Remember, distributing means multiplying the -2 by both terms inside the parentheses: -2 times x is -2x, and -2 times -18 is +36. Distributive property is a key concept in algebra, and it’s used to simplify expressions by multiplying a term by a group of terms inside parentheses. In this case, by distributing the -2, we've eliminated the parentheses and made the equation easier to work with. This step is crucial because it allows us to separate the variables and constants, moving us closer to isolating y. Understanding and applying the distributive property correctly ensures that our equation remains balanced and accurate throughout the simplification process.

Next, to isolate y, we need to get rid of the -20 on the left side. We do this by adding 20 to both sides of the equation:

y - 20 + 20 = -2x + 36 + 20

This simplifies to:

y = -2x + 56

And there you have it! We've successfully converted our equation from point-slope form to slope-intercept form. In the slope-intercept form, y = -2x + 56, we can easily see that the slope m is -2, which we already knew, and the y-intercept b is 56. The y-intercept is the point where the line crosses the y-axis, and in this case, it’s at (0, 56). This form of the equation is incredibly useful for graphing the line because we can quickly plot the y-intercept and then use the slope to find other points on the line. For example, since the slope is -2, we know that for every 1 unit we move to the right on the graph, we move 2 units down. This makes it easy to sketch the line accurately.

Alternative Slopes and Equations

Now, what if the slope was different? Let’s explore how the equation changes with another slope value. For example, suppose the slope m was 1/2, a positive fraction. How would this alter our equation? With a positive slope, the line will rise from left to right, instead of falling as it did with the negative slope of -2.

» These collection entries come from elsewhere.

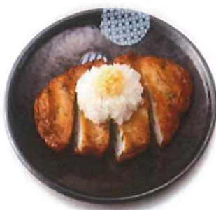
G-6. ねぎさつま揚げ 会員230円 (一般260円)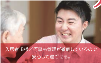
入居者 B様 / 何事も管理が徹底しているので安心して過ごせる。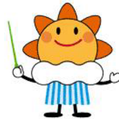
気象庁マスコットキャラクター 「はれるん」

気象大学校は気象庁の幹部候補生を養成するための機関であり、気象大学校学生は気象に関する専門的知識、技術などについて気象大学校で4年間の教育を受けたのち、気象庁本庁又は全国各地の気象台などに配属され、観測、調査、予報及び研究などの気象業務に従事します。

Let's plug m = 1/2 into the point-slope form along with our point (18, 20):

y - 20 = (1/2)(x - 18)

Now, let’s simplify this to slope-intercept form. First, distribute the 1/2:

y - 20 = (1/2)x - 9

Next, add 20 to both sides:

y = (1/2)x + 11

So, with a slope of 1/2, the equation of the line is y = (1/2)x + 11. This line has a positive slope, meaning it goes upwards as you move from left to right. The y-intercept is 11, which means the line crosses the y-axis at the point (0, 11). Comparing this equation to the previous one with a slope of -2, we can see how the slope affects the direction and steepness of the line. A smaller slope, like 1/2, results in a less steep line compared to a larger slope like -2.

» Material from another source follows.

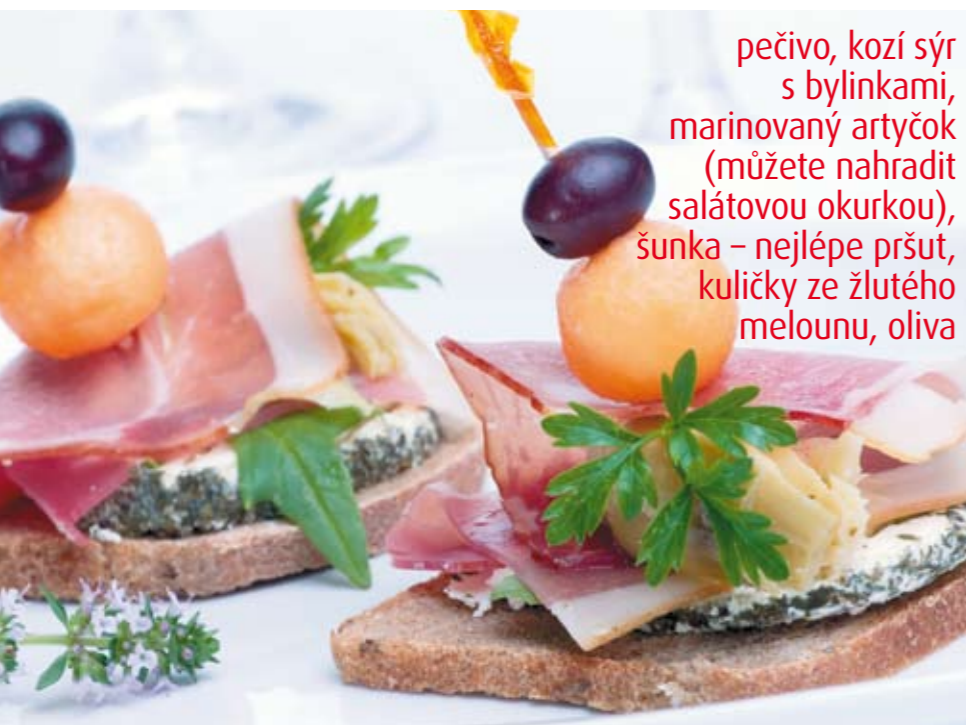
pečivo, kozí sýr s bylinkami, marinovaný artyčok (můžete nahradit salátovou okurkou), šunka – nejlépe pršut, kuličky ze žlutého melounu, oliva

This exercise demonstrates how changing the slope alters the equation and the characteristics of the line. It highlights the flexibility and usefulness of the point-slope form in adapting to different scenarios. Understanding how to manipulate equations based on given points and slopes is a fundamental skill in algebra and geometry, and it opens the door to solving a wide range of problems involving linear relationships.

Key Takeaways

Alright guys, let's recap what we've learned:

1. Point-Slope Form: Remember the formula: y - y₁ = m(x - x₁). This is your go-to when you have a point and a slope.
2. Plugging in Values: Substitute the given point and slope into the formula. This is a straightforward process, but accuracy is key!
3. Simplifying: Don't be afraid to simplify the equation into slope-intercept form (y = mx + b) if needed. This makes graphing easier and gives you a clearer picture of the line.

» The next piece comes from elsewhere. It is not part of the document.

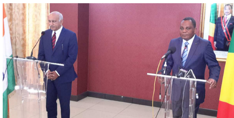
Les deux ministres lors d'une conférence de presse

Le ministre délégué aux relations extérieures de la République de l'Inde, Mabashar Jawed Akbar et le ministre des Affaires étrangères, de la Coopération et des Congolais de l'étranger, Jean-Claude Gakosso, ont passé en revue, hier, les projets bilatéraux entre les deux pays. Ils entendent donner une nouvelle impulsion à cette coopération en s'appuyant sur des projets identifiés. Page 9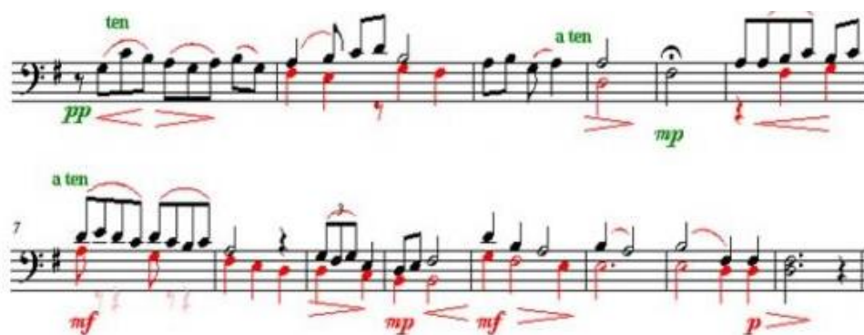
Б. Аманжоловтың «Рисунки» пьесасы

Кіріспе кеңістік сезімімен өте еркін естіледі. Орындаушыға «оқуды жеделдету және бәсеңдету» түрінде «баяу домбыра тарту рухында ойнау» авторының ұсынымдары беріледі. Шығармада екі жолақты мазмұндауға байланысты техникалық қиындықтар көп. Әрбір дауыс ерекше тембрі мен әуен тереңдігінің ішкі сезіміне ие (мысалды қараңыз).

Using the point-slope form to find the equation of a line is a valuable skill in algebra. It provides a direct method for writing linear equations when given a point and a slope, and it helps in understanding the relationship between different forms of linear equations. By mastering this concept, you'll be well-equipped to tackle more complex problems involving lines and their properties.

Keep practicing, and you'll become a pro at using point-slope form in no time! You got this! This skill not only helps in academic settings but also in practical situations where linear relationships are involved, such as in physics, engineering, and economics. Understanding how lines behave and how to represent them mathematically is a fundamental building block for more advanced concepts in these fields.